__Activity__.
Exactly the lines below from the line with "公司是稳健增长型仿企业:公司" through the line with "PUBLICATION: FACEBOOK- TODAY’S" must make up the answer, both ends included and pictures left out.

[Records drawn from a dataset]

○ ○ ○ ○

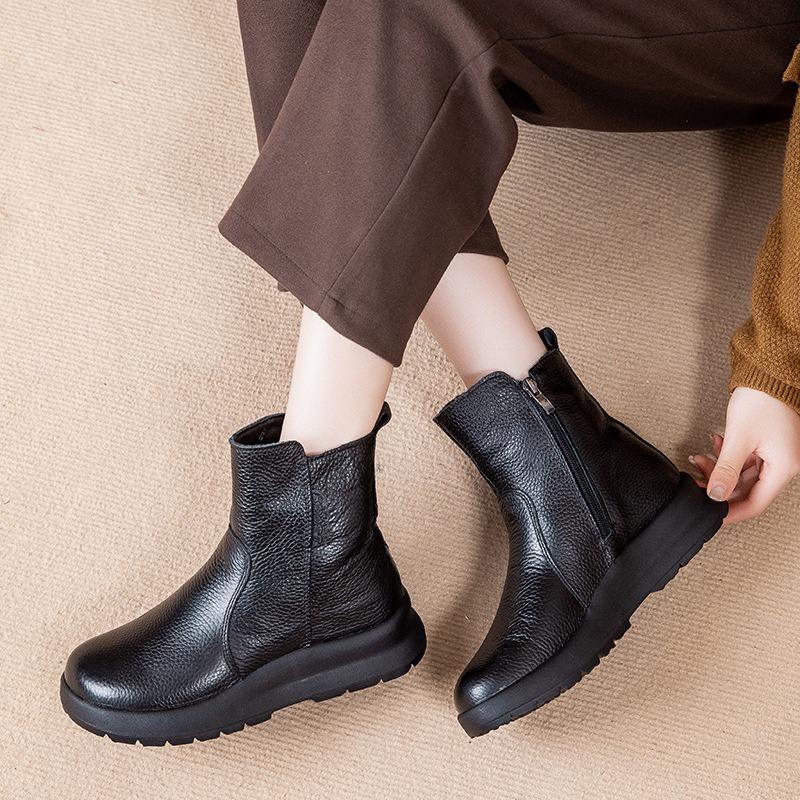 Erste Schicht Rindsleder Schaffell integrierte kurze Stiefel Winter Samt warm Baumwollschuhe flache rutschfeste Mutter Schneestiefel
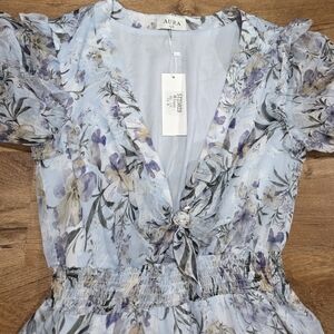 NWT Aura Blue Floral Tie Front Mini Ruffle Dress - Size Medium Short Sleeve
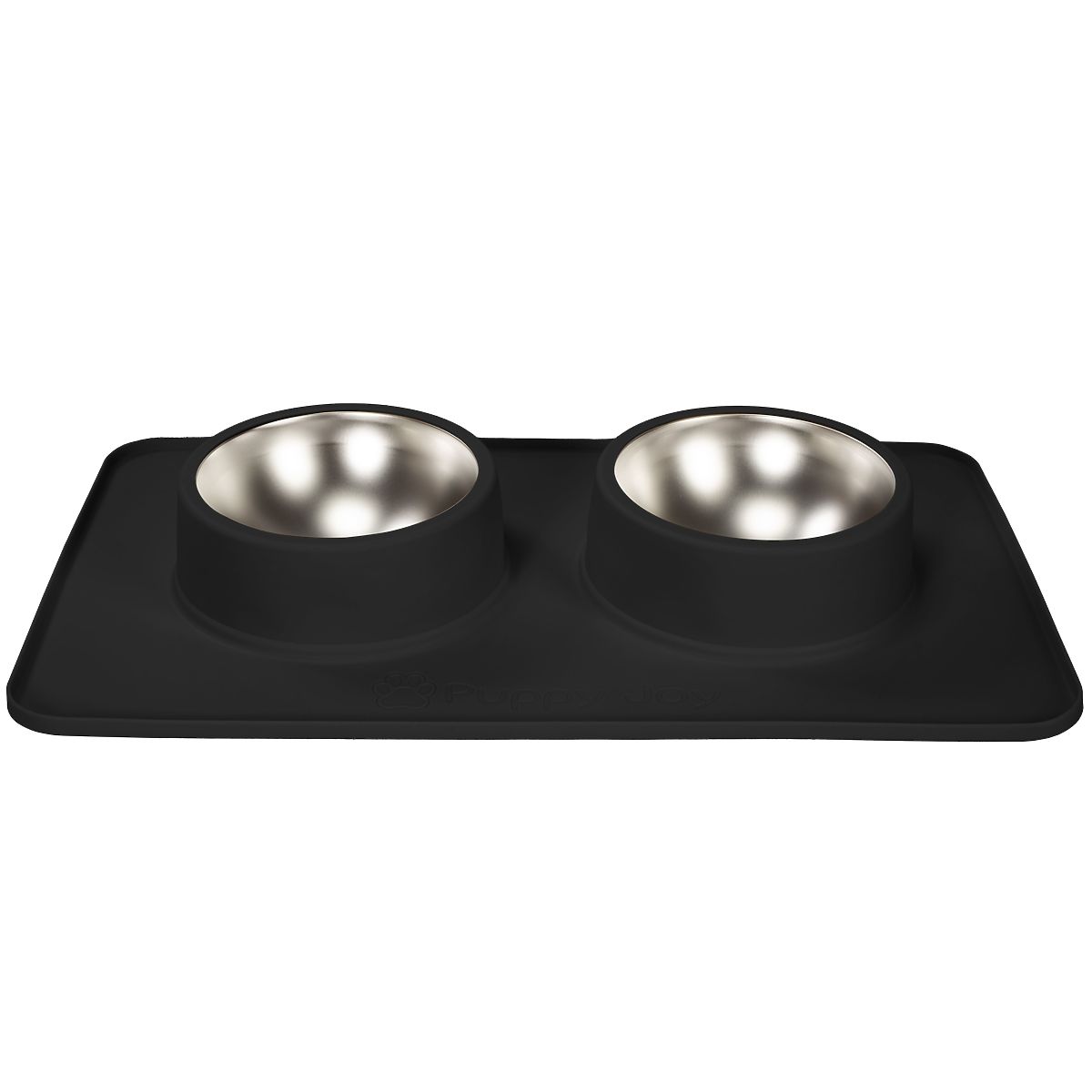 Fém Tál Kutya vagy Macska Számára Csúszásmentes Alátéttel Fekete PJ-086
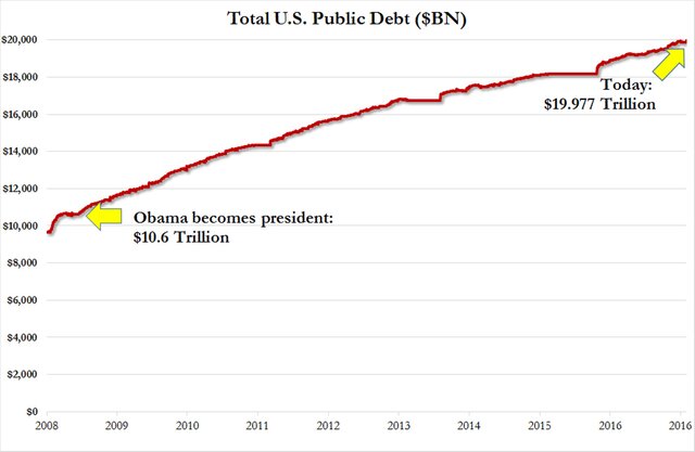 Но процесс уже было не остановить, и Обама со своей администрацией за 8 лет правления решили повторить "успех" Буша и также нарастить долг с $10 до $20 трлн.
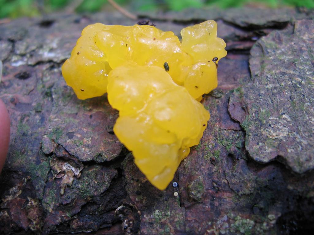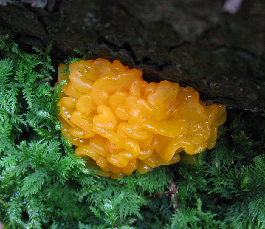 a) Nehme ich an ist die Zerfliessende Gallertträne (Dacrymyces stillatus) wenn ich nicht irre und es wieder ähnliche Pilzchen gibt. ![]()
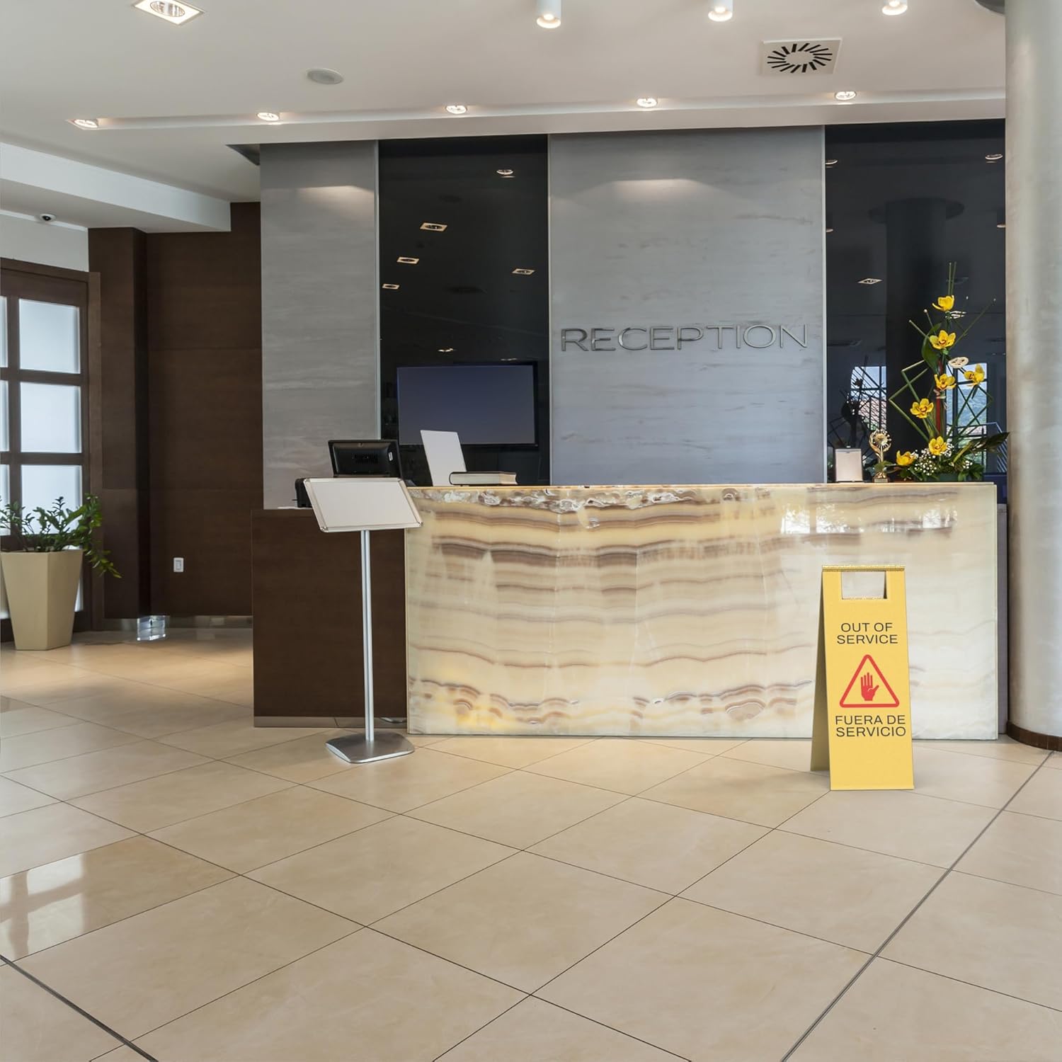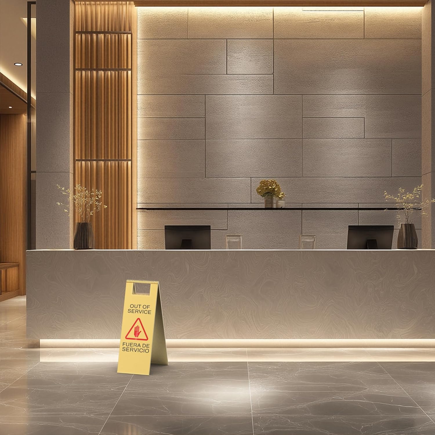 • Commercial-Grade Stainless Steel – Durable & Rust-Resistant Built from high-quality stainless steel with a brushed finish, this 8.8 lb caution sign is corrosion-resistant, scratch-proof, and designed for heavy-duty daily use in restaurants, hotels, malls, and office buildings
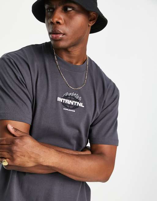 Topman - T-shirt oversize grigio scuro con ricamo "International"
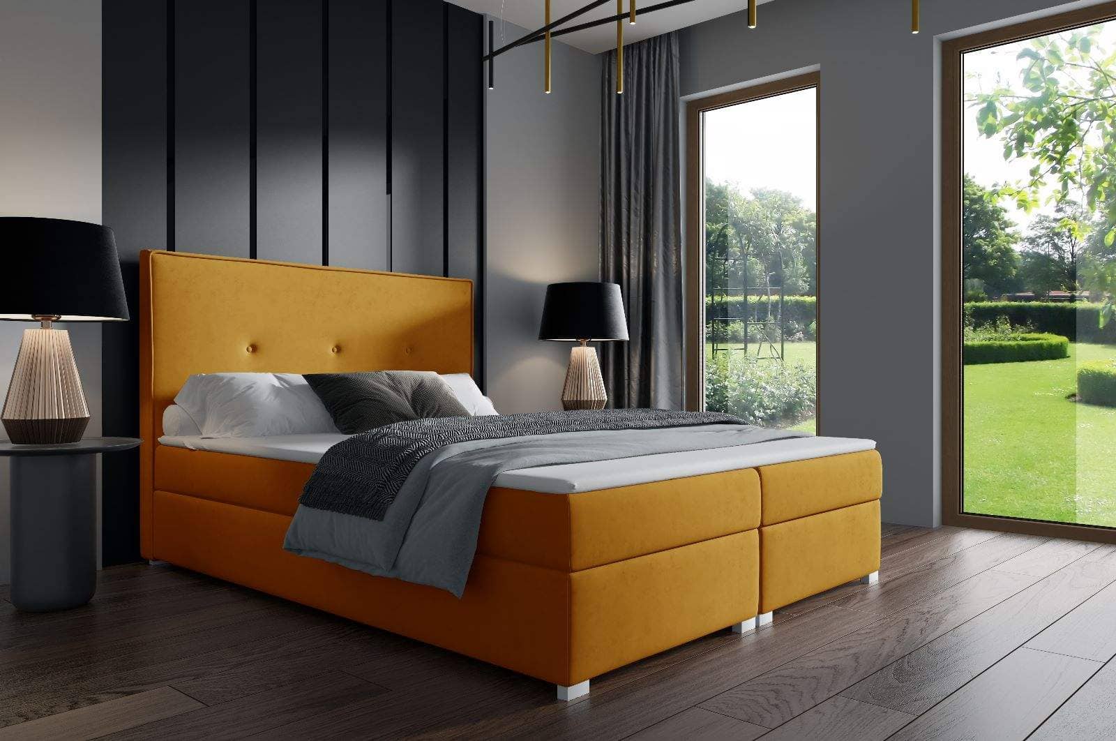 Łóżko tapicerowane kontynentalne 140x200 Larmo Żółte
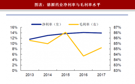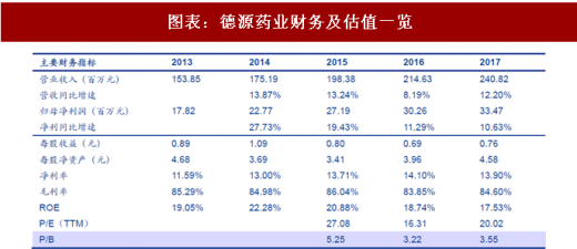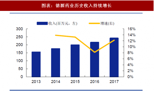 公司是稳健增长型仿企业:公司历史业绩稳健,收入增速长期维持在10%~15%,利润增速长期维持在10%~30%。2017年德源药业实现销售收入2.4亿元,同比增长12.20%;实现净利润3347.47万元,同比增长10.63%,实现扣非净利润3040.39万元,同比增长18.63%。
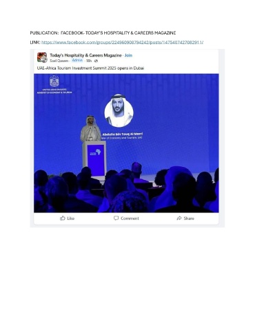 PUBLICATION: FACEBOOK- TODAY’S HOSPITALITY & CAREERS MAGAZINE LINK: https://www.facebook.com/groups/224960908794242/posts/1475407427082911/
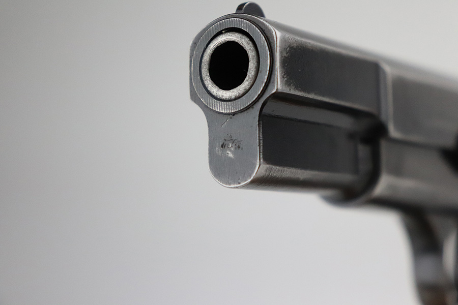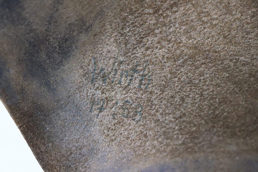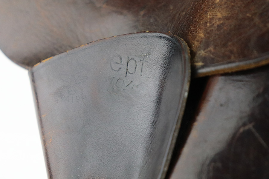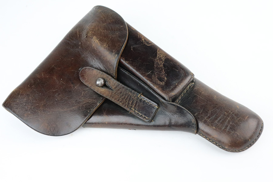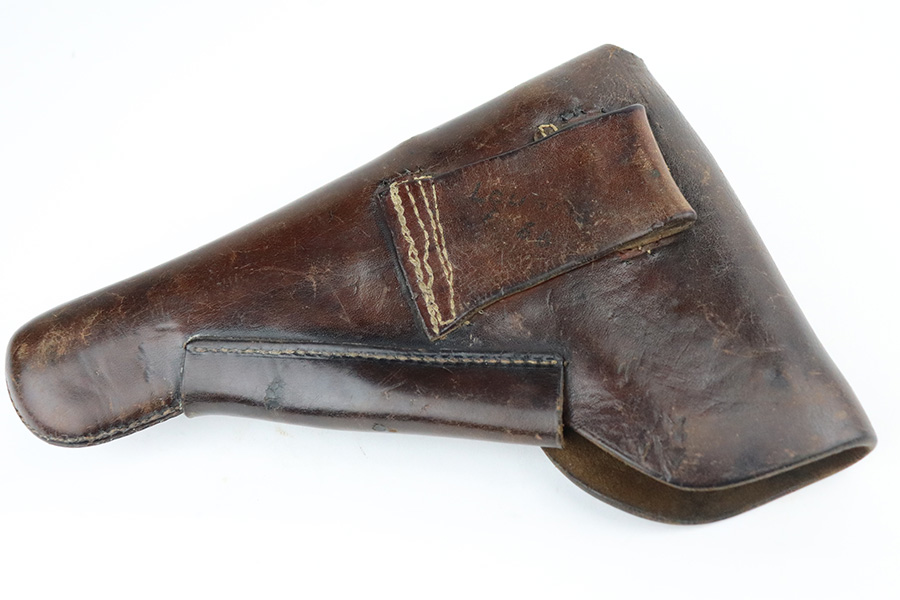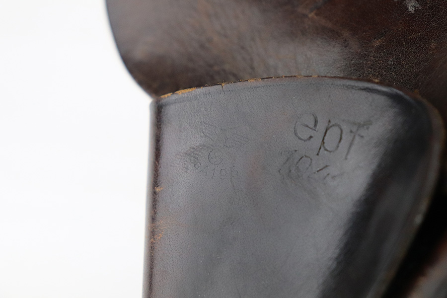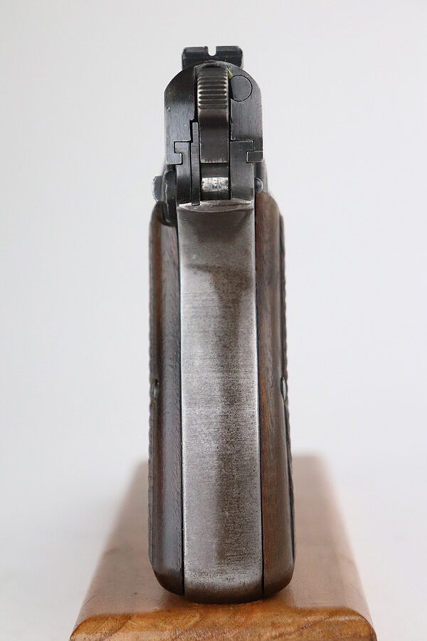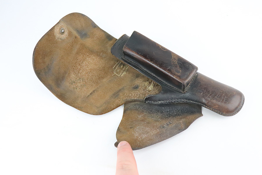 7/16/21 – This is a nice example of an FN Browning High Power Rig issued to the Nazi military during WW2. The gun is all matching and has the proper “Waffen 140” military proofs. It comes with one period-correct magazine (no proofs) and a nice 1944-dated waffen-proofed holster. The gun has retained roughly 60% of its original finish. There is noticeable wear and thinning throughout, concentrated around the high edges, around the muzzle, both sides of the frame, and on the straps. Tiny dots of oxidation throughout, most noticeable on the straps. A few scratches on the left side of the slide. Comes with excellent wood grips. The bore has decent rifling with spotty freckling throughout. It also includes a rare 1941 dated holster with ‘epf’ maker mark and fairly clear waffenamt. The holster is in decent shape but does show some age, as the leather has softened some and there is wear on the mag pouch.
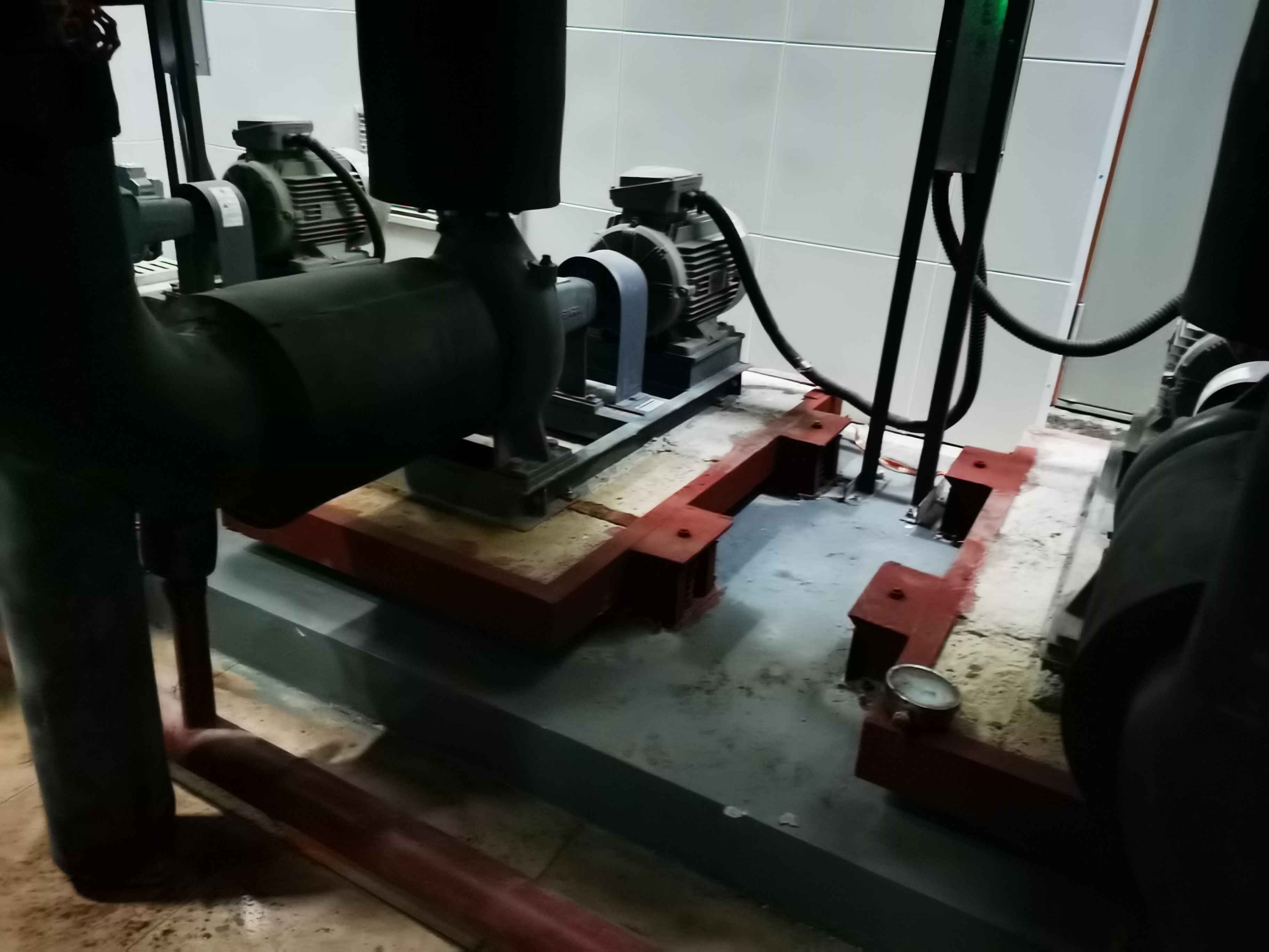 4、水泵主機系統(tǒng)落根于我們新建的減振框架上面,并通過DSF水泵專用復(fù)合非線性隔振器衰減振動后,再生根于地面。

○ ○ ○ ○

__Solution to the problem__.
 公司是稳健增长型仿企业:公司历史业绩稳健,收入增速长期维持在10%~15%,利润增速长期维持在10%~30%。2017年德源药业实现销售收入2.4亿元,同比增长12.20%;实现净利润3347.47万元,同比增长10.63%,实现扣非净利润3040.39万元,同比增长18.63%。
 PUBLICATION: FACEBOOK- TODAY’S HOSPITALITY & CAREERS MAGAZINE LINK: https://www.facebook.com/groups/224960908794242/posts/1475407427082911/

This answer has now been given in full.